As noted earlier in this series, the only known Prince song featuring Davis is an unreleased track, “Can I Play With U?” The answer to that song's question, sadly enough, was “not really." As tantalizing a prospect as it was to imagine Prince and Davis jamming in the studio, Davis recorded his part of the song separately. Davis also recorded three Prince-penned songs with his own band, none of which were deemed suitable for release. The two did, however, play nicely together one time, in a live performance jam at Paisley Park.
“Crucial” was officially released in 1998, more than a decade after its creation. According to PrinceVault, initial tracking took place on Sept. 13, 1986 at Prince’s Galpin Road studio, days after the end of the Parade tour and weeks before Prince disbanded the Revolution. When it finally saw the light of day, it provided a fond flashback for fans of Prince’s '80s work who had suffered though his awkward, rap-heavy, New Power Generation era.

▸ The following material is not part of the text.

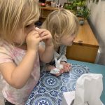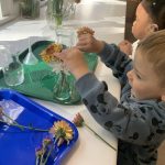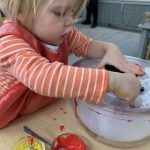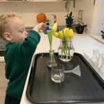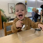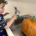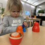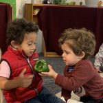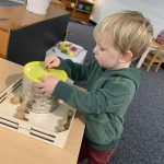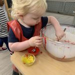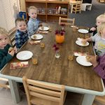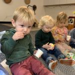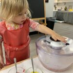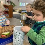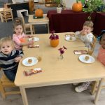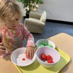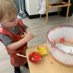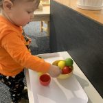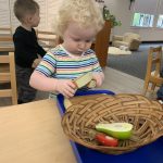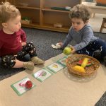 The children tasted pomegranate at the end of last week, which most found to be a delicious treat. This week, we tasted both raw cranberries (a huge hit!) and homemade cranberry sauce (thanks to Jaxxon’s family!) The children were fascinated when we cut both of these fruits open.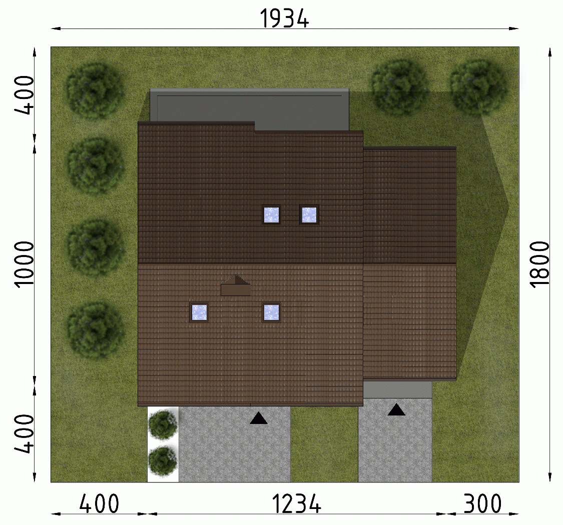 - rzut dachu – wymiary dachu, kąt nachylenia wszystkich połaci dachu, rozmieszczenie okien połaciowych, lukarn, kominów.

Hear Prince Perform "Crucial"
In Mobeen Azhar’s book Prince: Chapter and Verse -- A Life in Photographs, Prince engineer Hans-Martin Buff tells the story of Crystal Ball, “(Prince) gave me a list of songs and I had to find them. We went into the fabled vault. It starts from the left and it has rows and rows of tapes that are chronologically labeled. On the right is the newest stuff.” After Buff emerged, he says they edited and cut a lot but did little mixing.
Two circulating versions of “Crucial” clock in above the seven-minute mark. For the first, Prince asked Leeds to lay down a sax solo on Nov. 6, 1986 as a guide track for a future guitar solo. Despite the prospects of pouring his heart and soul into a lost cause, Leeds slays his solo, marking one of many peaks in his involvement with Prince across many bands and projects. The official version, focusing on Prince’s guitar solo, is trimmed to a hair over five minutes.

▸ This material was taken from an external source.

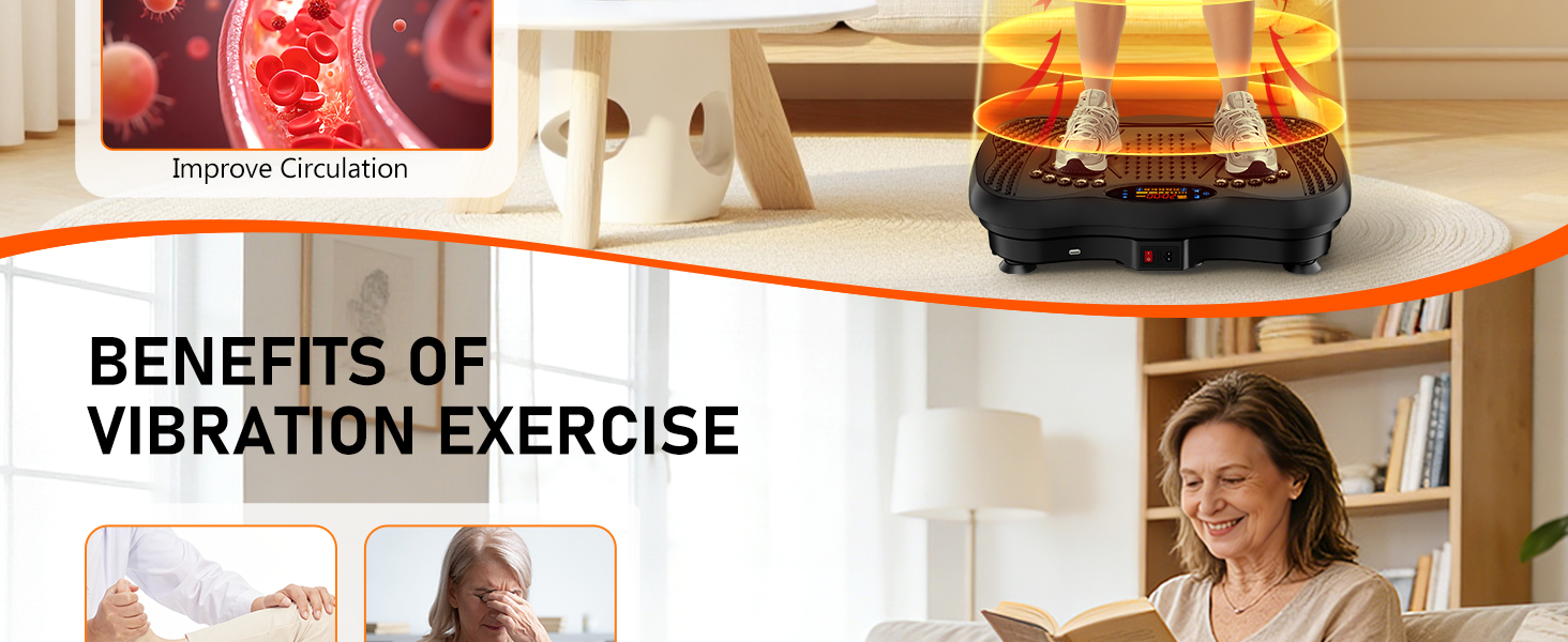 Multiple Experience: Connect the phone with Bluetooth to play music. The melody of music effectively maintain exercise rhythm, relax the mind and body. The surface of the vibration plate features a magnetic stone design, providing a soothing foot massage during workouts to alleviate fatigue after physical activity.

In the liner notes for Crystal Ball, Prince said “Crucial” was intended for Sign 'O’ the Times, before it was replaced by “Adore." Prince historian Per Nilsen suggests the song may have been intended for The Dawn, a musical, movie, album and/or spiritual experience that Prince long alluded to with the cryptic “may U live to see the dawn” message that graced many albums and the end credits to Purple Rain.
The Crystal Ball album itself had a bumpy road into consumers' hands because Prince missed a few crucial details when choosing an ambitious five-CD set to be the first album he sold, manufactured and distributed all on his own. In the book, Prince: The Man and His Music, designer Steve Parke told author Matt Thorne, “The original idea was to do an actual crystal ball, with the two halves separating and the CDs suspended in the middle.”

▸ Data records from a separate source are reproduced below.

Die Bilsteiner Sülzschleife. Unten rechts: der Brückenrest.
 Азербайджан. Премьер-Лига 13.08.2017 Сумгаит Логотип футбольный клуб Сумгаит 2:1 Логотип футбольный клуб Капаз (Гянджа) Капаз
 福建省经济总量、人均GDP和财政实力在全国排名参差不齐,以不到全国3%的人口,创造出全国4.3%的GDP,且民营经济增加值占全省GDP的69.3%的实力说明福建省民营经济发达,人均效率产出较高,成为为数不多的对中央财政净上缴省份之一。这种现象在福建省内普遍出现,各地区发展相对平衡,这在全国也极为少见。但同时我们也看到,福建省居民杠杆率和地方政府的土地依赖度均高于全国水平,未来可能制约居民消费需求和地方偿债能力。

Fans who pre=ordered it through Prince’s love4oneanother website or the 1-800-NEW-FUNK phone line almost a year before it was released received it in the mail months after it arrived at retail in a traditional set complete with liner notes. Granted, the people who ordered it direct from Prince also received a bonus disc, Kamasutra, an instrumental album credited to the NPG Orchestra.